Problem to work on |
Quote every line of the data below as it stands, omitting pictures.

Information supplied |
+--

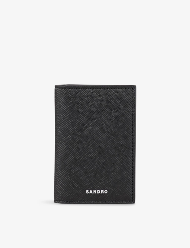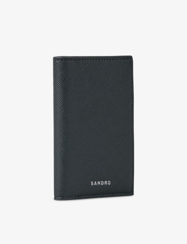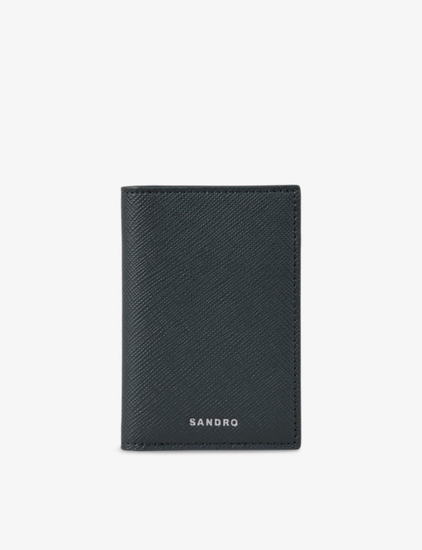 - Square silhouette, silver-tone foil writing at the front, zip fastening, three card slots
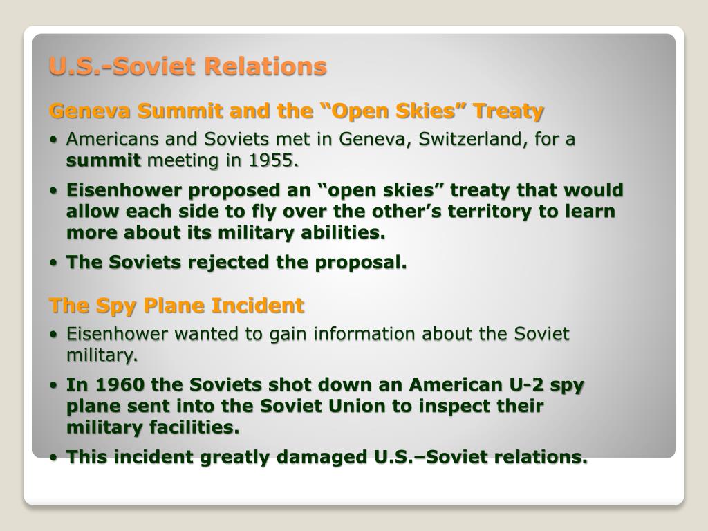 U.S.-Soviet Relations Geneva Summit and the “Open Skies” Treaty • Americans and Soviets met in Geneva, Switzerland, for a summit meeting in 1955. • Eisenhower proposed an “open skies” treaty that would allow each side to fly over the other’s territory to learn more about its military abilities. • The Soviets rejected the proposal. The Spy Plane Incident • Eisenhower wanted to gain information about the Soviet military. • In 1960 the Soviets shot down an American U-2 spy plane sent into the Soviet Union to inspect their military facilities. • This incident greatly damaged U.S.–Soviet relations.
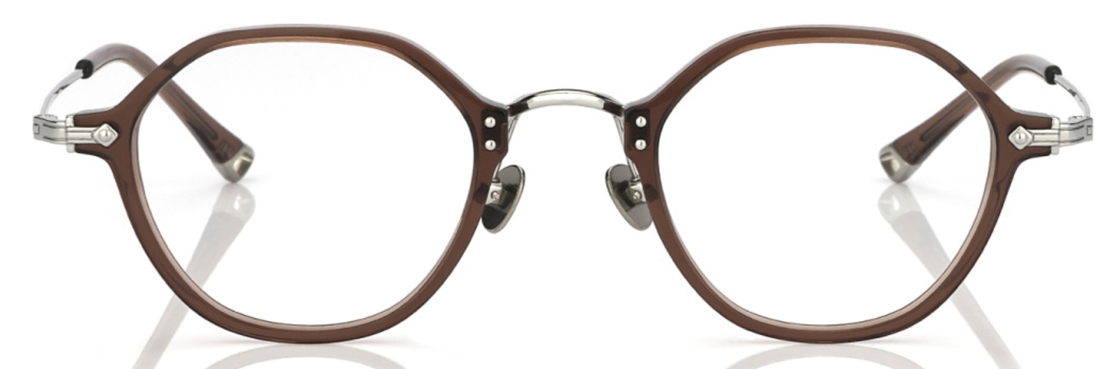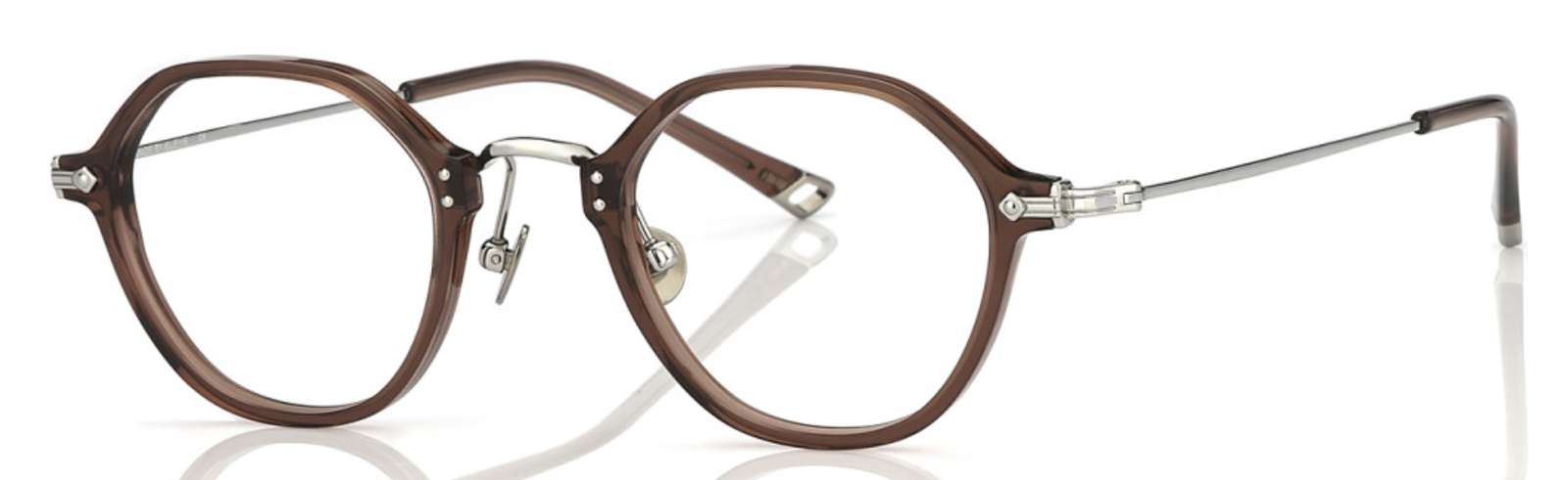 Eleye MW/253 C9 : monture ronde 40/23 en acétate crystal marron et métal argenté. Des lunettes légères, raffinées et modernes, au style rétro chic.

+--

Answer below |
 - Square silhouette, silver-tone foil writing at the front, zip fastening, three card slots
 U.S.-Soviet Relations Geneva Summit and the “Open Skies” Treaty • Americans and Soviets met in Geneva, Switzerland, for a summit meeting in 1955. • Eisenhower proposed an “open skies” treaty that would allow each side to fly over the other’s territory to learn more about its military abilities. • The Soviets rejected the proposal. The Spy Plane Incident • Eisenhower wanted to gain information about the Soviet military. • In 1960 the Soviets shot down an American U-2 spy plane sent into the Soviet Union to inspect their military facilities. • This incident greatly damaged U.S.–Soviet relations.
 Eleye MW/253 C9 : monture ronde 40/23 en acétate crystal marron et métal argenté. Des lunettes légères, raffinées et modernes, au style rétro chic.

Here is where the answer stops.